Below you can find the NCERT solution for Class 9th Science. You can get a Solution for the all-important question of Class 9 Science, Chapter 8: Motion

Chapter 8 Motion

Important Formulae

(1) 1st equation formula -v=u+at

(2) 2nd equation formula -s=ut+1/2at^2

(3)3rd equation formula -v^2=v^2+at

(4)momentum=mass × velocity

(5)force=mass ×acceleration

(6) acceleration =change in velocity /time take

(7)speed =distance /time

(8)velocity =displacement /time

 

Pg 100

Q1. An object has moved through a distance. Can it have zero displacement? If yes, support your answer with an example.

 

Solution

Yes. An object that has moved through a distance can have zero displacement. Displacement is that the shortest measurable distance between the initial and therefore the final position of an object. An object which has covered a distance can have zero displacement, if it comes back to its place to begin, i.e., the initial position.

 

Consider the subsequent situation. a person is walking in an exceedingly square park of length 20 m (as shown within the following figure). He starts walking from point A and after moving along all the corners of the park (point B, C, D), he again comes back to the identical point, i.e.,

A.

 

Here, the total distance covered by the man is

20 m + 20 m + 20 m + 20 m = 80 m.

However, here displacement is zero as the shortest distance between his initial and final position is zero.

 

Q2. A farmer moves along the boundary of a square field of side 10 m in 40 s. What will be the magnitude of displacement of the farmer at the end of 2 minutes 20 seconds?

 

Solution

The farmer takes 40 s to cover 4 × 10 = 40 m.

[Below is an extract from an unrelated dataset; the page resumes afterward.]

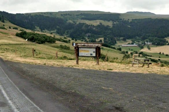 2 – Quitter le chemin pour franchir à droite un escabeau. A travers les pâturages, suivre à main droite la clôture qui surplombe le cirque . Franchir un nouvel escabeau et immédiatement bifurquer à gauche en suivant la clôture. Après un troisième escabeau, aller en face jusqu’à la lisière du bois. La suivre à gauche, sur environ 750 m ( panorama sur les monts du Cantal, le Sancy et la chaîne des Dôme). A une intersection, bifurquer à gauche en suivant une clôture pour rejoindre un large chemin carrossable.

In 2 min and 20 s (140 s), he will cover a distance

 

40/40 X 140 = 140 m.

 

Therefore, the farmer completes 140/3 = 3.5  rounds (3 complete rounds and a half round) of the field in 2 min and 20 s.

 

That means, after 2 min 20 s, the farmer will be at the opposite end of the starting point.

 

Now, there can be two extreme cases.

 

Case I: Starting point is a corner point of the field.

 

In this case, the farmer will be at the diagonally opposite corner of the field after 2 min 20 s.

 

Therefore, the displacement will be equal to the diagonal of the field.

 

Hence, the displacement will be

 

Case II: Starting point is the middle point of any side of the field.

 

In this case the farmer will be at the middle point of the opposite side of the field after 2 min 20 s.

 

Therefore, the displacement will be equal to the side of the field, i.e., 10 m.

 

For any other starting point, the displacement will be between 14.1 m and 10 m.

 

Q3.Which of the following is true for displacement?

 

(a) It cannot be zero.

 

(b) Its magnitude is greater than the distance travelled by the object.

 

Solution

(a) Not true

 

Displacement can become zero when the initial and final position of the object is the same.

 

(b) Not true

 

Displacement is the shortest measurable distance between the initial and final positions of an object. It cannot be greater than the magnitude of the distance travelled by an object. However, sometimes, it may be equal to the distance travelled by the object.

 

Pg 102

 

Q1.Distinguish between speed and velocity.

 

Solution

Speed	Velocity
Speed is the distance travelled by an object in a given interval of time.	Velocity is the displacement shown by an object in a given interval of time.
Speed = Distance / Time	Velocity = Displacement / Time
Speed is scalar quantity and has only magnitude.	Velocity is vector quantity and has both magnitude and direction.
The speed of an object can never be negative. At the most, it can become zero. This is because distance travelled can never be negative.	The velocity of an object can be negative, positive, or equal to zero. This is because displacement can take any of these three values.

 

Q2. Under what condition(s) is the magnitude of average velocity of an object equal to its average speed?

Solution

Average velocity = displacement/ total time taken

If the total distance covered by an object is the same as its displacement, then its average speed would be equal to its average velocity

 

Q3.What does the odometer of an automobile measure

Solution

The odometer of an automobile measures the distance covered by an automobile.

 

Q4.What does the path of an object look like when it is in uniform motion?

Solution

An object having uniform motion has a straight line path.

 

Q5. During an experiment, a signal from a spaceship reached the ground station in five minutes. What was the distance of the spaceship from the ground station? The signal travels at the speed of light, that is, 3 × 10⁸ m s⁻¹.

Solution

Time taken by the signal to reach the ground station from the spaceship

= 5 min = 5 × 60 = 300 s

 

Speed of the signal = 3 × 10⁸ m/s

 

∴Distance travelled = Speed × Time taken = 3 × 10⁸ × 300 = 9 × 10¹⁰ m

 

Hence, the distance of the spaceship from the ground station is 9 × 10¹⁰ m.

 

Pg 103

 

Q1. When will you say a body is in (i) uniform acceleration? (ii) non-uniform acceleration?

Solution

(i) A body is alleged to possess uniform acceleration if it travels during a straight path in such some way that its velocity changes at a homogenous rate, i.e., the speed of a body increases or decreases by equal amounts in an equal interval of your time.

 

(ii) A body is alleged to possess non-uniform acceleration if it travels during a straight path in such some way that its velocity changes at a non-uniform rate, i.e., the speed of a body increases or decreases in unequal amounts in an equal interval of your time.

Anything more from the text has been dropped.